Tuesday, 7 October 2014

Structural and cyclical deficits

Institute for Fiscal Studies director Paul Johnson has posted an Independent View on LibDem Voice which lays out the problems facing the UK government attempting to reduce the budget deficit, the resulting debt and the debt historically accumulated. Two graphs in the article usefully separate out the components.

Mr Johnson writes that the deficit "is still hovering around £100 billion this year" and that "The Office of Budget Responsibility estimates that around £70 billion of that deficit is structural" leaving around £30 billion cyclical deficit, that is, £30 billion which should disappear in the good times. What worries me is that we are now entering the good times, judging by the GDP figures, and that tax returns are below budget estimates. It is unlikely that the poor weather in August was a major factor in this, nor that a drier than usual September is going to improve the I&E account by much. This is the wrong time to raise the start level for the 40% income tax rate, still worse to reduce that rate. If higher incomes really are drifting up, then the exchequer should take its fair share. This is the time, in George Osborne's memorable phrase, to start fixing the roof.

But there is still a mystery surrounding the missing tax income. Part of the story may be filled by several tax loopholes, which Private Eye has been banging on about for years.

One loophole was identified by Gordon Brown when shadow chancellor during the last Conservative administration, but not closed by him during thirteen years of a Labour government, that is, "non-domiciled" status. Another, a favourite of hedge funds, is an "investment management" exemption which allows funds registered offshore - say, in the Cayman Islands - to be run from London without being taxed in England.

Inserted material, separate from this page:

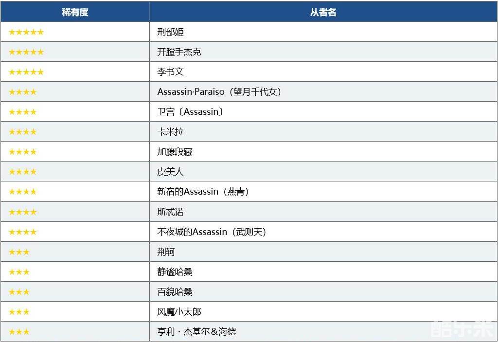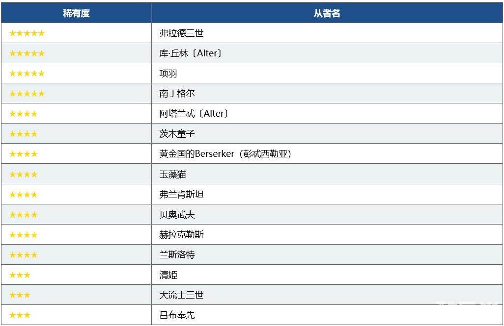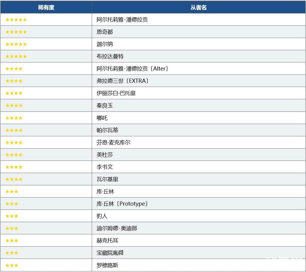 ※召唤对象中也包含★3(R)从者。
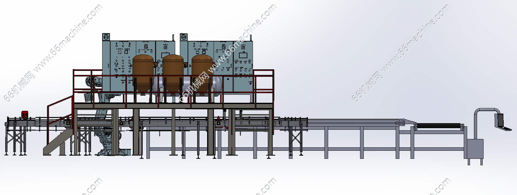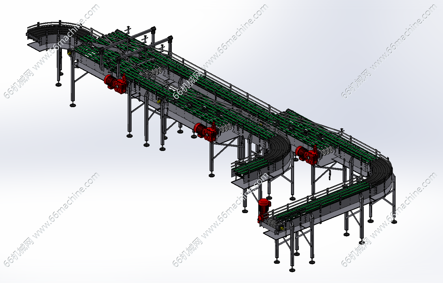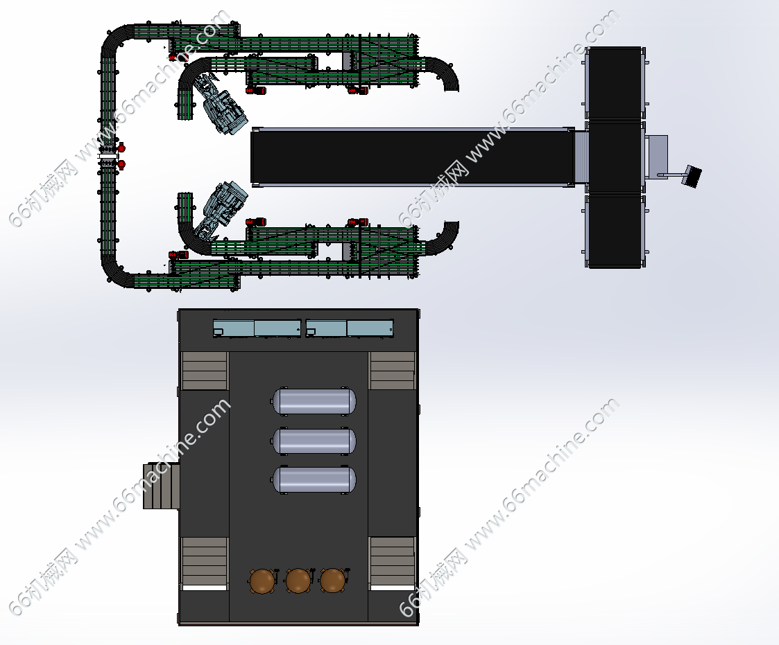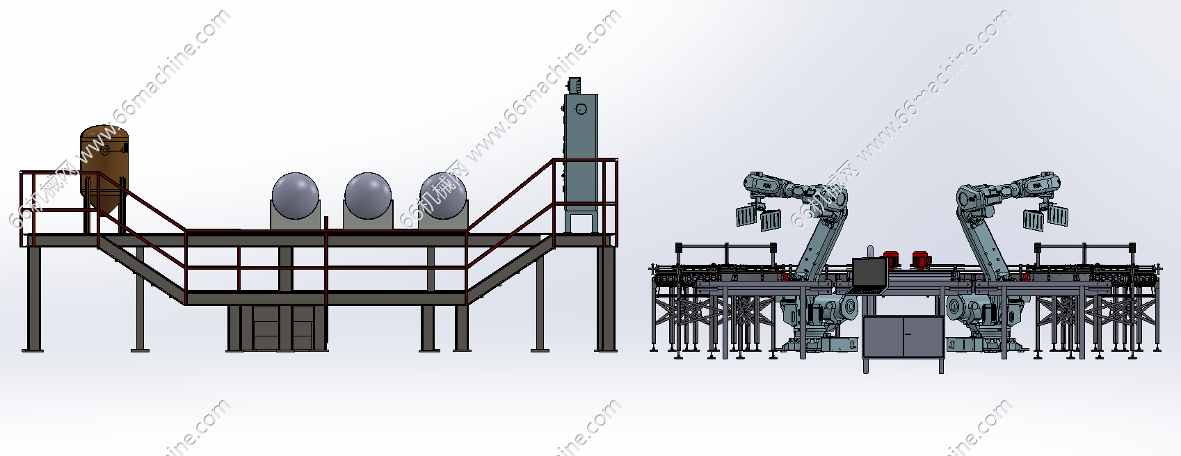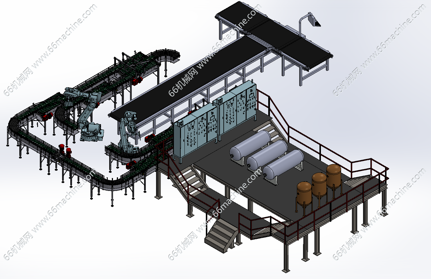 空瓶通过右侧复杂的绿色输送线系统流转,经过洗瓶、消毒环节,随后被输送至灌装区域。两台工业机器人精准协作,一台负责将合格的空瓶定位,另一台则完成饮料灌装与封盖操作。灌装完成的成品瓶再次通过输送线,被有序输送至末端的码垛区域,这里的传送带和分流装置会将瓶装饮料整理成垛,为后续的仓储、物流环节做好准备。

A third was actually created by Labour: the limited liability partnership.

It is unsurprising that a Conservative-dominated administration has moved to correct these sins of omission and commission, helpful as they are to City spivs, only round the edges. Nor can we expect the neo-Thatcherite UKIP to do this, but surely these are two of the loopholes whose closing would contribute to the restoration of social security which will feature in the LibDem manifesto for 2015.